Monday, 21 December 2009

Slaughterhouse-Five (1972)

If George Roy Hill had asked anybody in 1972 whether it was a good idea to try to film Kurt Vonnegut’s Slaughterhouse-Five their advice would probably have been - don’t even think about it. Maybe people did give him that advice. In any case Hill went ahead and filmed it anyway, and the result is one of the most interesting American movies of the 70s.

It won the Jury Prize at the Cannes Film Festival, and Vonnegut loved it, but it died at the American box-office. It’s since been more or less forgotten, and most people who’ve heard of it assume it was a turkey. It’s hard to imagine the director of such staggeringly mainstream movies as Butch Cassidy and the Sundance Kid and The Sting being able to successfully film an unfilmable Kurt Vonnegut book, but that’s exactly what he did.

Billy Pilgrim, the hero of the story, has come unstuck in time. His life has a beginning, a middle and an end, but not necessarily in that order. He moves randomly between past, present and future although in fact his life is simply a collection of moments and past, present and future have little meaning. He lives some of these moments over and over again, and not all of them occur on Earth. A significant part of his life takes place on the planet Tralfamadore.

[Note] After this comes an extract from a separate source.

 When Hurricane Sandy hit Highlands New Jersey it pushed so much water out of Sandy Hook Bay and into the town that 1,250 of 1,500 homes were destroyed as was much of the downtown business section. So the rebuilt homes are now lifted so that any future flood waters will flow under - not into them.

Billy was training to be an optometrist when the Second World War intervened. He is taken prisoner by the Germans during the Battle of the Bulge, and as a prisoner-of-war he is present in the city of Dresden when it is fire-bombed by the Allies. This was one of the most horrific episodes of the war, causing a greater loss of life than the atomic bomb dropped on Hiroshima and being all the more horrifying since Dresden was not a military target. Vonnegut himself was in fact a prisoner-of-war in Dresden when it was bombed, and this was in some ways the central event in his life.

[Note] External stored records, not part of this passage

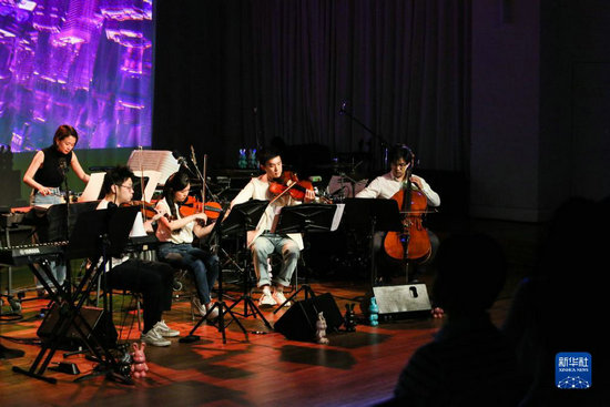 這是7月11日拍攝的音樂會(huì)現(xiàn)場(chǎng)。當(dāng)日,“極地游樂場(chǎng)——王斐南流行室內(nèi)樂融合劇場(chǎng)”在上海舉辦。作為2023上海夏季音樂節(jié)一系列演出之一,音樂家們?yōu)橛^眾演繹了一場(chǎng)多維融合的室內(nèi)樂作品音樂會(huì)。(新華社記者 辛夢(mèng)晨 攝)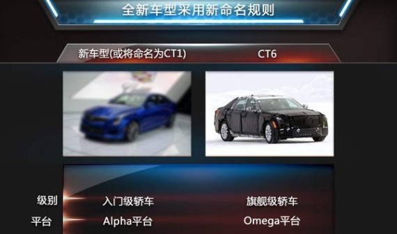 不久前,凯迪拉克宣布了旗下车型新的命名规则,其中所有的轿车型号都将采用英文字母组合“CT”为开头,字母后的数字将反映车型相应的尺寸,以及在凯迪拉克产品型谱中的定位。凯迪拉克将在改款或推出全新车型时采用以上命名规则,最新推出的旗舰级轿车被命名为“CT6”。即将推出的入门级轿车也将采用CT+数字的命名。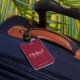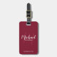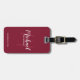 Lägg till en personlig beröring till bröllop med personlig marskalkars bagagemärke. Den här bagagetaggen har personligens namn i det vita, moderna typsnittet stil och monogrammet i det ljusburgudda, moderna typsnittet stil som bakgrund med rubrik och bröllop datum i det vita, moderna sans serif-typsnittet stil på burgundröd bakgrund. Perfekt för den bäste mannen, far av bruden och mycket mer.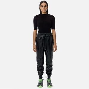 Ultralight track pants in an oversized fit. Crafted from 100% Italian leather. Features back welt pockets, articulated knees, drawstring waistband and adjustable cuff for versatile styling.

Billy’s experiences in the war are crucial but the movie, like Billy’s life, cuts back and forth to other events both before and after the war. Billy’s postwar life as a respectable and rather dull optometrist, a pillar of the community and president of the local Lions’ Club, is enlivened by other strange events. He survives a disastrous plane crash, which of course he knows is going to happen because it’s happened to him before. He has a wife and son on Earth, but he has a kind of second family on Tralfamadore. He was kidnapped by the Tralfamadorians, but they just want to observe and study him. They’re particularly fascinated by the mating habits of other species so they provide him with a potential mate, a sexy Hollywood starlet named Montana Wildhack. She’s about as big a contrast as one could imagine with Billy’s wife on Earth, but he loves them both in his own way. He accepts Montana Wildhack as part of his destiny, just as he accepts everything else that happens to him.

The most pleasing thing about the film is that Hill and screenwriter Stephen Geller assume their audience will not be panicked by the non-linear narrative and will work out what’s going on. The cuts between various episodes in Billy’s life are not explained. They just happen. For a mainstream Hollywood movie in 1972 that’s a fairly bold approach. The movie’s commercial failure suggests that perhaps Hill was a little too bold, but artistically it’s the right approach.

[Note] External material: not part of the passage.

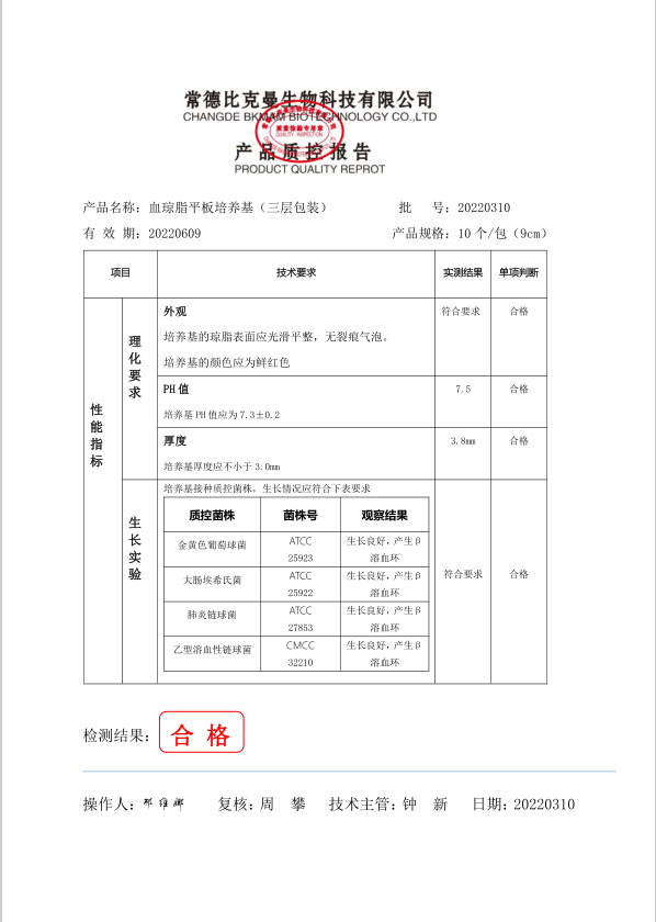 比克曼生物 血瓊脂平板培養(yǎng)基 (三層包裝)9cm 10個袋 110704011 20220310

The movie successfully preserves Vonnegut’s sense of the absurdity of life. It also captures his black comedy, which is done rather subtly in the movie which again proves to the right approach - the juxtaposition of the mundane and the horrific provides the black comedy, and there is no need for the actors to try to play any of the scenes in an overtly comic way. They play it straight, and the results are funnier and more disturbing as a result.

Michael Sacks, an actor with a remarkably short career, is superb as Billy Pilgrim - innocent but accepting. Valerie Perrine attracted most of the publicity at the time because of her frequent disrobing in the movie. Her role as Montana Wildhack is really fairly minor. Her performance can best be described as adequate, but she has the right mix of innocence and sexiness for the part.

The scenes of the bombing of Dresden are exceptionally well done. Hill resists the temptation to sentimentalise the events or to consciously manipulate the audience’s responses. This matter-of-fact treatment is much more effective, and the events in themselves are sufficiently harrowing not to require editorialising.

While the movie omits parts of the novel it does this mainly to keep the running time within acceptable limits (it runs for 104 minutes). Most directors today would have succumbed to the temptation to try to include too much. There is no attempt to dumb down the story.

This is an adventurous, complex and intelligent movie, a relic of a time when major Hollywood studios were still prepared to take risks and to accept the reality that on occasions those risks would not pay off at the box office. I caught it on Australian television (on the ABC so it was uncut and commercial-free) but it’s available on DVD. It’s well worth seeking out.